Earlier in Totana the march paid its respect to Sadaram Bapu, aged over hundred years, who has played an important part in preserving communal harmony in the area. It appears that spiritual gurus have a role in maintaining peace and harmony along the Gujarat-Sind border.

At a closing event of the march in Ahmedabad peace activists from Pakistan, Karamat Ali and Saeeda Diep, joined over internet and interacted with the marchers and their supporters.
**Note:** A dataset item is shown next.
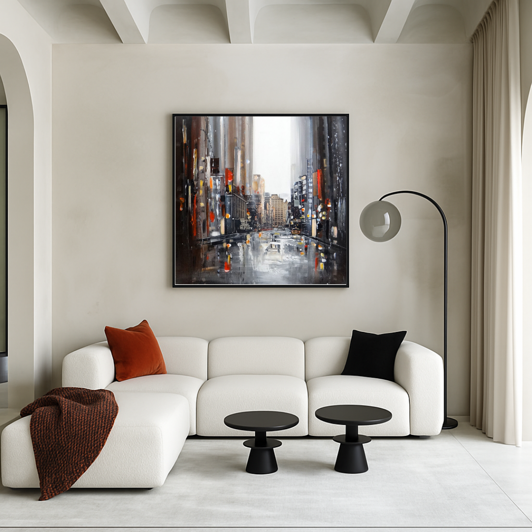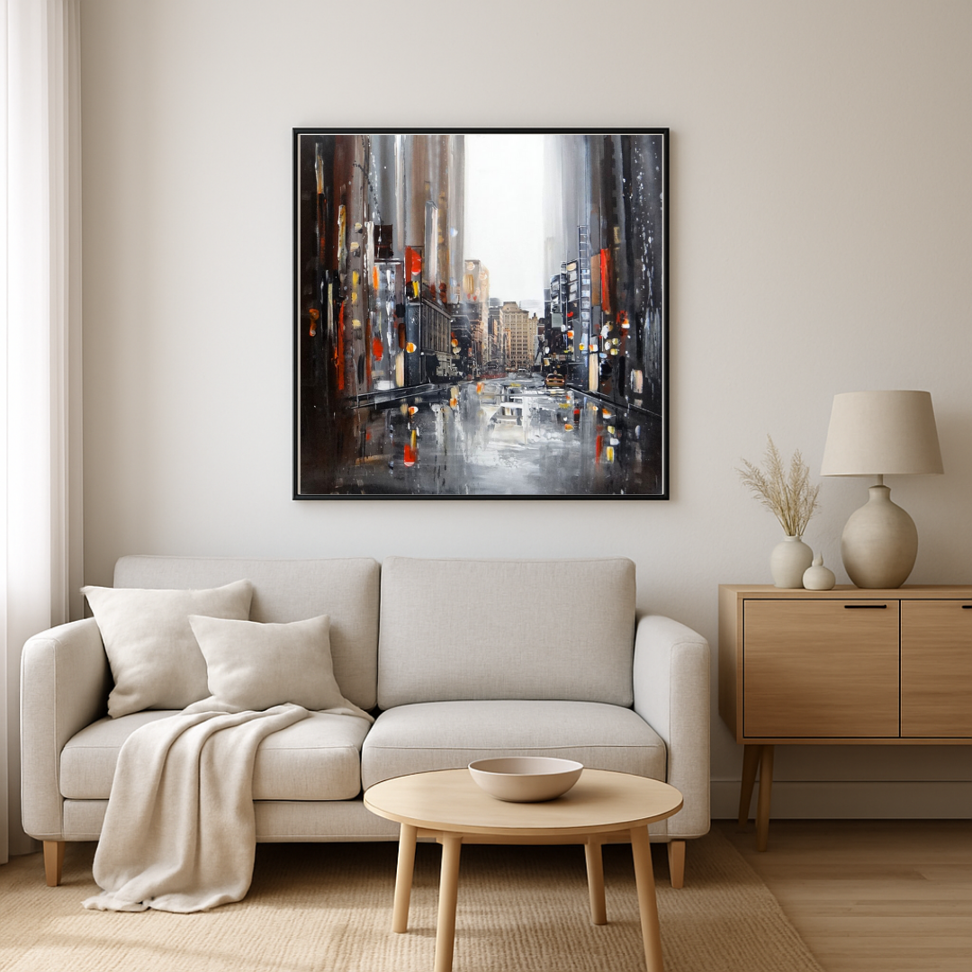 Cette composition urbaine enveloppe la ville d’un voile de mystère et de poésie. L’artiste capture ici l’atmosphère d’un New York pluvieux, où les buildings s’étirent en reflets vertigineux et les flaques de lumière transforment la chaussée en miroir mouvant.

Entrepreneur Piyush Desai of Wagh Bakri Tea Company was so overwhelmed with the idea of the march that he has decided to hold weekly meetings at Gandhi Ashram to promote the philosophy of peace and communal harmony.

A letter has been written to Narendra Modi on behalf of the India-Pakistan Friendship and Peace March to start a bus service between Ahmedabad and Karachi similar to the one started by former PM Atal Behari Vajpayee between Delhi and Lahore.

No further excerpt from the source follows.